Since you already know the correct (efficient) solution, I'm not spoiling anything for you:
You can use an array (very appropriate here, since the domain is a rectangle)
import Data.Array
pathCounts :: Int -> Int -> Array (Int,Int) Integer
pathCounts height width = solution
where
solution =
array ((0,0),(height-1,width-1)) [((i,j), count i j) | i <- [0 .. height-1]
, j <- [0 .. width-1]]
count 0 j = 1 -- at the top, we can only come from the left
count i 0 = 1 -- on the left edge, we can only come from above
count i j = solution ! (i-1,j) + solution ! (i,j-1)

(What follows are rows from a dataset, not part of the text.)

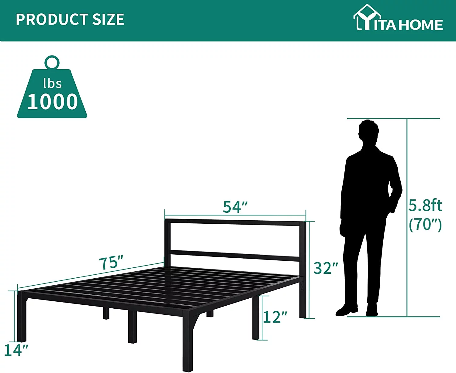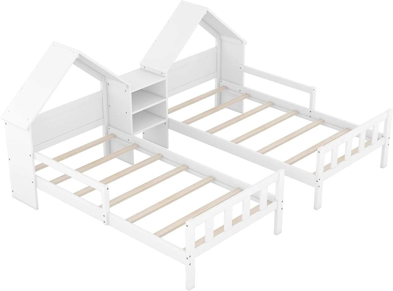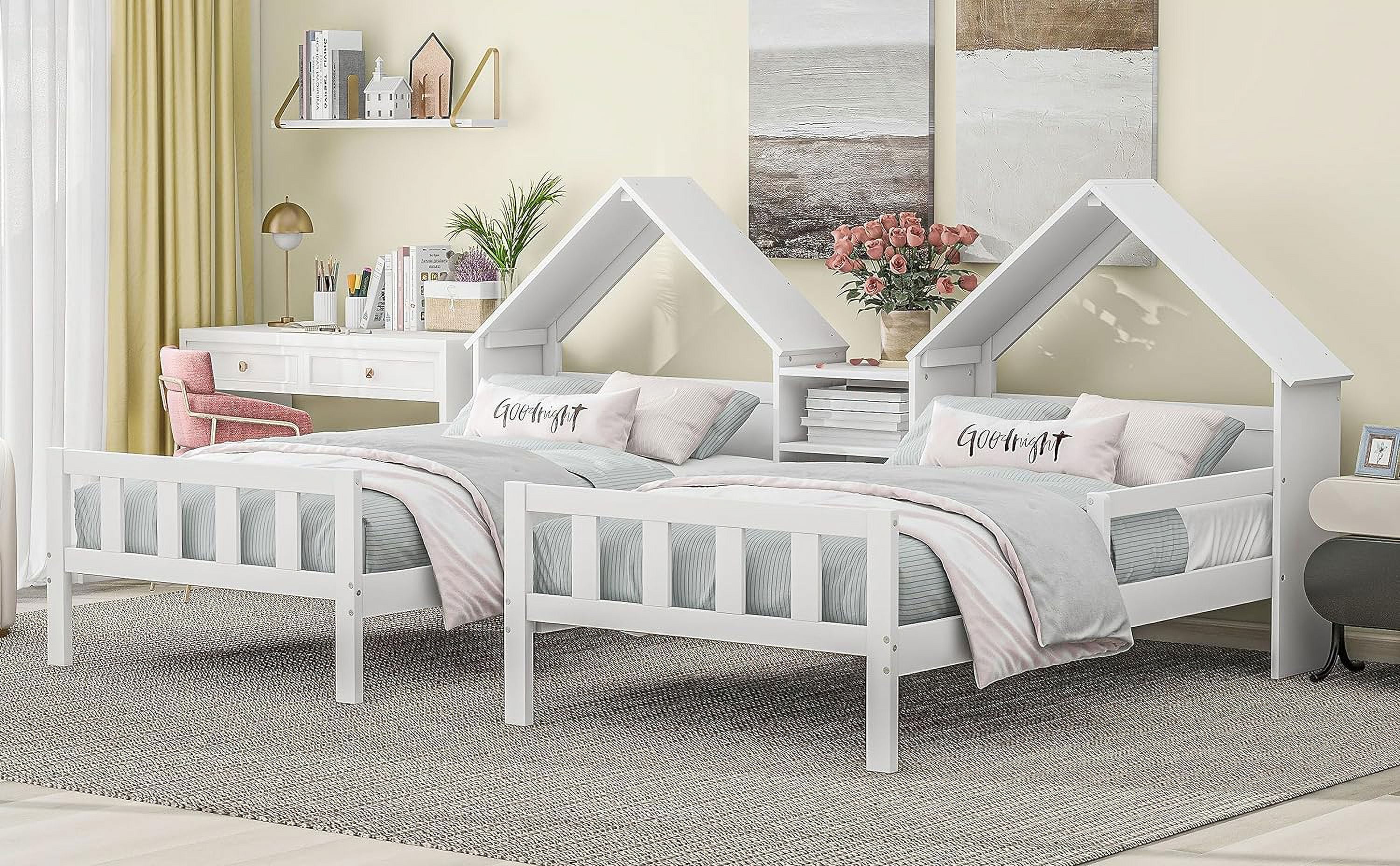 MERAX Double Twin Size Platform Bed with Headboard and Nightstand White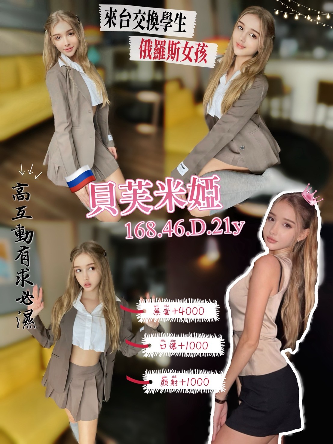 主打➡🇷🇺俄羅斯來台交換學生線上知名內衣小模,渾圓翹臀奔放性愛。態度滿分不打槍,究極美尻,真人芭比女神,難得的勻稱修長身材,回客不斷,熱銷紅牌。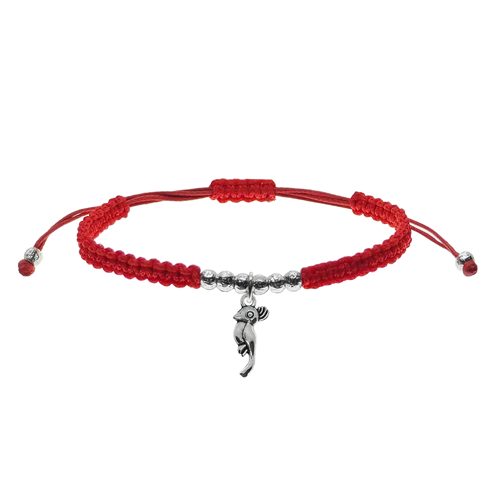 Martisor Bratara snur rosu impletita manual personalizata Papagal argint 9717390 Dras. Compozitie: Argint 740. Cutie de bijuterii cadou.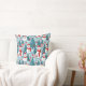 Neves bonitos e confortáveis em lenços vermelhos quentes e chapéus quentes de tricô e um bonito travesseiro decorativo de fundo de pinheiro verde, vermelho e azul.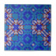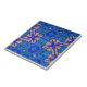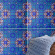 Das Design dieser Keramik-Kachel zeichnet sich durch symmetrische Muster aus, die einen harmonischen visuellen Effekt erzeugen. Die Kachel ist mit einer Reihe geometrischer Formen, darunter Diamanten und Sterne, geschmückt, die in einer komplexen, aber ästhetisch ansprechenden Weise verwoben sind. Die Farbpalette wird von verschiedenen Blautönen dominiert, von der coolen Ruhe des Türkisblau bis hin zur Marine. Diese Blues wird durch Touchs von Weiß und Rot wunderschön kontrastiert und verleiht dem Design ein Gefühl von Dimension und Lebendigkeit. Das Muster wiederholt sich, spiegelt sich sowohl horizontal als auch vertikal über die Kachel. Diese Wiederholung, kombiniert mit den unterschiedlichen Konturen jeder Form, macht das Muster Pop vor dem farbenprächtigen Hintergrund. Das Design der Kachel ist ein Beleg für die künstlerische Mischung aus zeitgenössischer geometrischer Ästhetik und traditioneller Mosaikkunst. Es ist ein Stück, das leicht als Brennpunkt in jedem Raum dienen kann, indem es eine Touch von Eleganz und Intrige mit seinem komplizierten Design und kühnen Farben hinzufügt.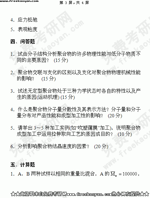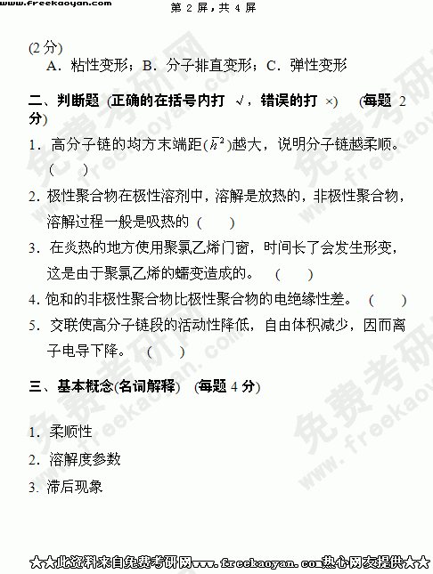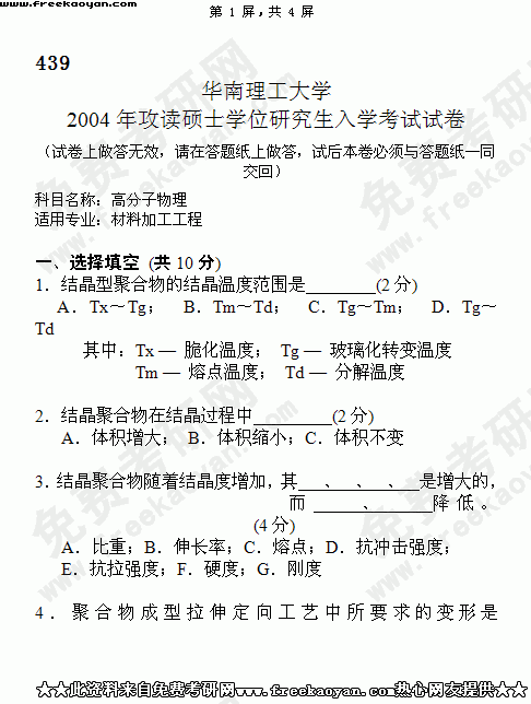 华南理工大学2004年半岛在线注册真题-高分子物理

Or you can use the State monad (the previously calculated values are the state, stored in a Map):
import qualified Data.Map as Map
import Control.Monad.State.Strict
type Path = State (Map Coord Integer)
calculation :: Coord -> Path Integer
calculation coord = do
mb_count <- gets (Map.lookup coord)
case mb_count of
Just count -> return count
Nothing
| corner coord -> modify (Map.insert coord 0) >> return 0 -- should be 1, IMO
| side coord -> modify (Map.insert coord 1) >> return 1
| otherwise -> do
above <- calculation (move_down coord)
left <- calculation (move_right coord)
let count = above + left
modify (Map.insert coord count)
return count
and run that with
evalState (calculation target) Map.empty
Or you can use one of the memoisation packages on hackage, off the top of my head I remember data-memocombinators, but there are more, possibly some even better. (And there are still more possible ways of course.)